Was that a little embarrassing? You’re not alone — when I tried this recently, I was pretty embarrassed too!

association's strategic goals

Last month I joined the board of a local non-profit, just in time to take part in the third and final board meeting to update our strategic plan. It was a productive and well-run meeting, expertly facilitated by non-profit consultant Lizann Peyton, and ten minutes before the scheduled end we had agreed on a list of five major goals, each with several subgoals.

Then Lizann asked us to avert our eyes from our notes and recall the goals we had just spent two hours formulating.

Oh my goodness! My mind went blank. We’d just been talking about our goals, but at that moment it became clear to me (and I suspect to most if not all board members) that we hadn’t internalized them.

That’s upsetting because, Dilbert jokes aside, organizational strategic plan goals need to be top of mind for board members and staff if there’s going to be a reasonable chance that they’ll actually be met. (Otherwise, what’s the point of having them?)

Lizann had clearly seen this movie before. She smoothly suggested three ways for us to become more familiar with our strategic goals at our board meetings.

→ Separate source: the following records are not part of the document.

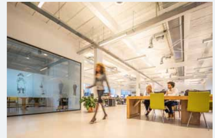
WTC Rotterdam Business Center
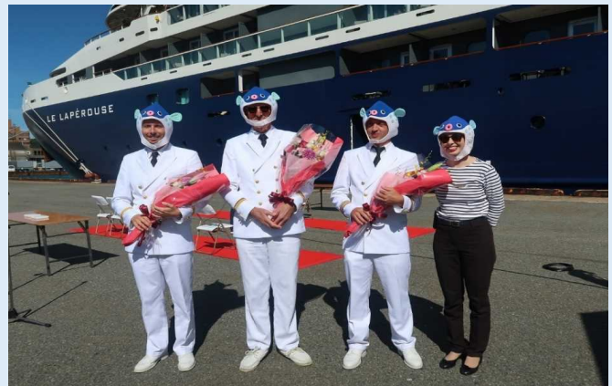
初寄港歓迎式典 記念撮影
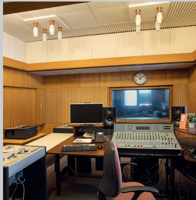
Studiová část, režie vysílacího pracoviště v 1. patře.
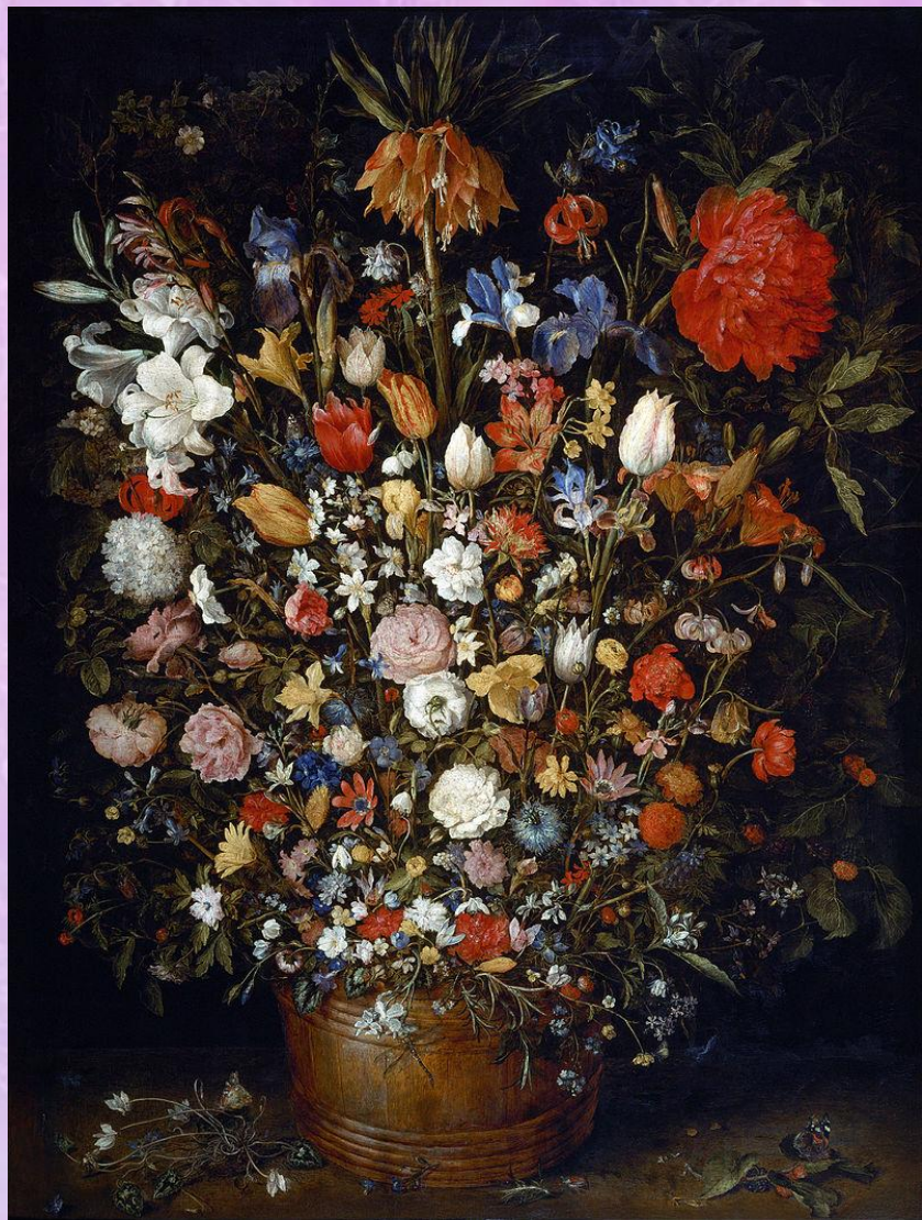
Ян Брейгель Старший. «Цветы в деревянном вазоне».
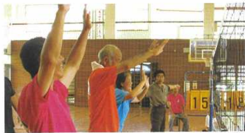
準備OK、いつでもこーい!
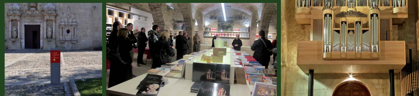
Poblet ha posat en marxa nous equipaments que milloren la recepció i l'acollida dels visitants
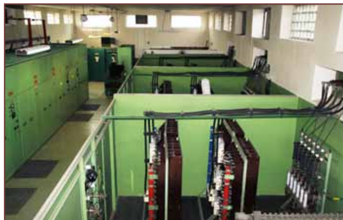
Súčasnú technológiu meniarne nahradí moderná - menšia a výkonnejšia.
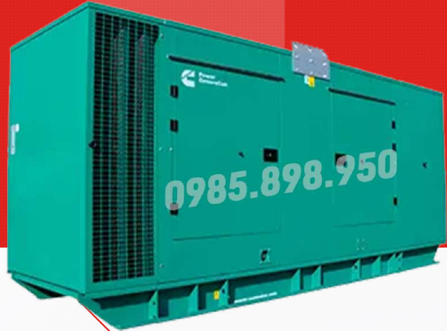
Máy có vỏ chống ồn

Công ty TNHH TBCN MAKAWA hân hạnh gửi đến Quý cơ quan các đặc tính kỹ thuật máy phát điện của hãng model C350D5 như sau:

Three suggestions on how to assist board members become one with your strategic goals

1) Add your list of strategic plan goals to each board meeting agenda. (Print them on the back if you’re still using paper agendas.)

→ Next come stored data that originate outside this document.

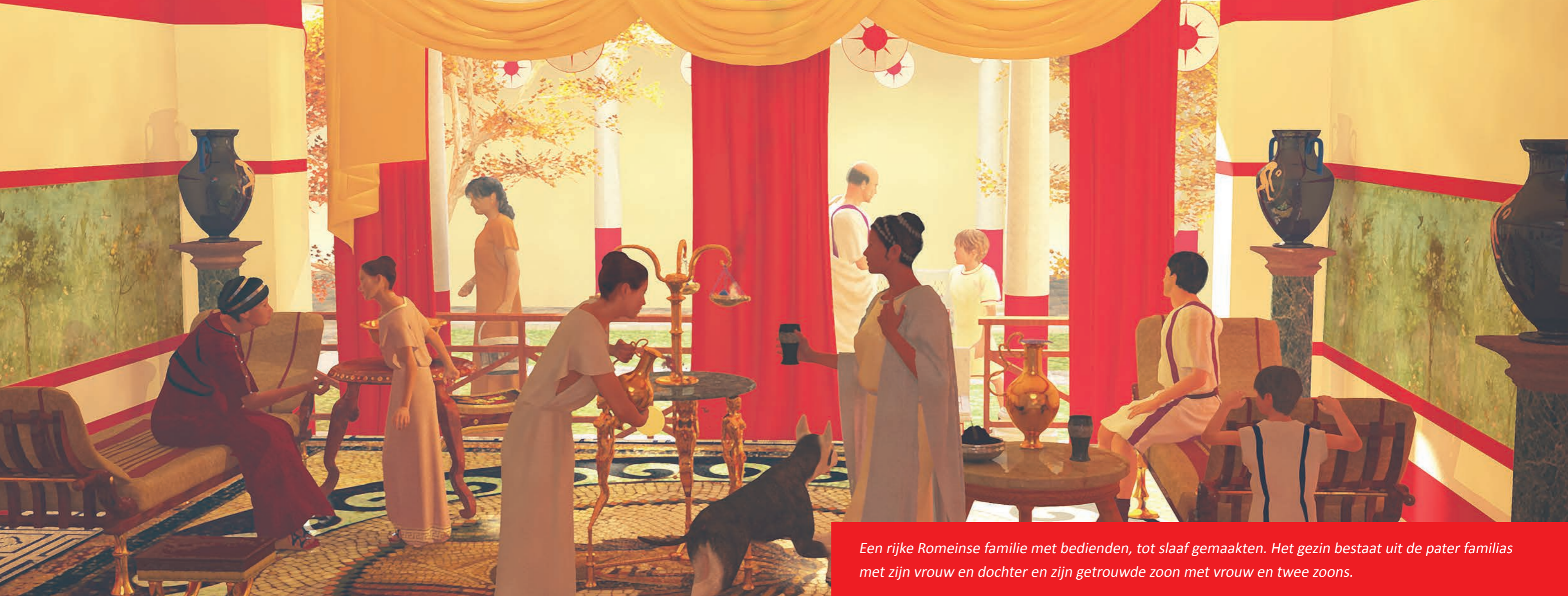
Een rijke Romeinse familie met bedienden, tot slaaf gemaakten. Het gezin bestaat uit de pater familias met zijn vrouw en dochter en zijn getrouwde zoon met vrouw en twee zoons.
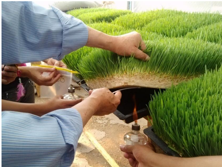
FIGURA. 4 TOMA DE MUESTRA CON HISOPO

En el laboratorio se sembró en una caja petri con agar simple para crecimiento de hongo y se incubó por 48 hrs. Al término de las 48 hrs, se evaluó el crecimiento del hongo y se tomó una muestra con un asa para hacer un cultivo controlado y determinar que tipo de hongo se encontró en la muestra. A las 48 hrs posteriores se tiñeron las muestras de crecimiento de los hongos y se identificaron.
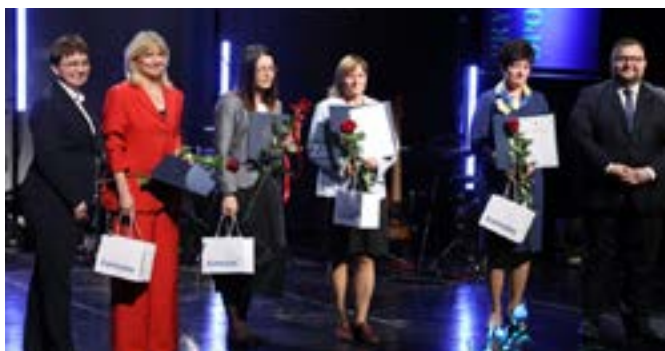
Przyznano nagrody nauczycielom i uczniom.

Wśród laureatów spotkaliśmy nauczycielkę dorosłych, która właśnie przeszła na emeryturę i Nagroda Marszałka jest dla niej satysfakcjonującym zwieńczeniem
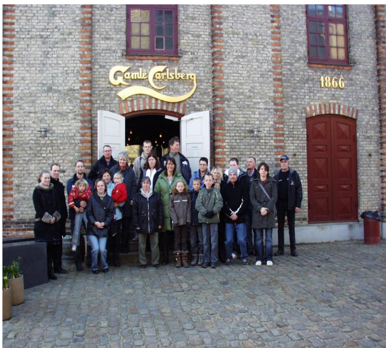
Her ses vi samlet foran indgangen til Carlsbergs besøgscenter
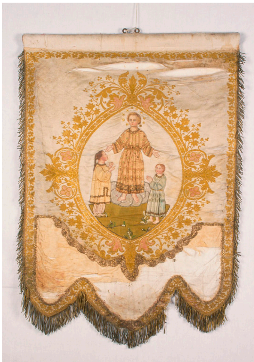
Bannière de procession, fin du 19e siècle : Laissez venir à moi les petits enfants.
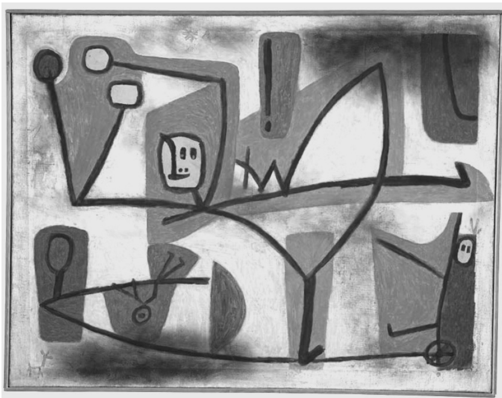
Übermut, Paul Klee, 1939
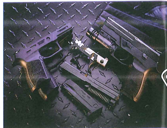
Reclame voor de Phantom.

De CZ75 SP-01 Phantom is de kunststof versie van de CZ SP-01 serie, de gemoderniseerde uitvoeringen
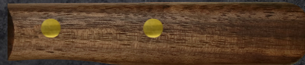
WALNUSS AUS DEN USA ART. WALNUT
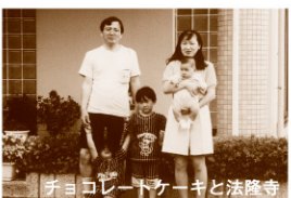
チョコレートケーキと法隆寺

2) At each board meeting, organize the agenda to reflect the structure of your strategic goals. Also, include a short discussion about some part of your strategic direction. For example, if one of your goals is to assess opportunities for the use of new space, include an agenda item at each meeting for a progress update from the new space committee.

3) Have the executive director’s reports to the board be organized around the strategic goals too.  After all, the director’s job is to help move the organization in the direction set by the board.

Lessons learned

My inability to recall conclusions that we’d just spent two hours creating clearly indicates the limitations of learning models that rely on one-time exposure to information (e.g. lecturing). Learning research tells us that “repeat to remember” is key to encoding learning in long-term memory. Although the monthly interval between our meetings is longer than optimum, following Lizann’s recommendations over time should help us internalize our strategic goals, reducing future potential embarrassment and, more importantly, improving our ability to achieve them.

Perhaps these recommendations will help your association’s staff and board members too!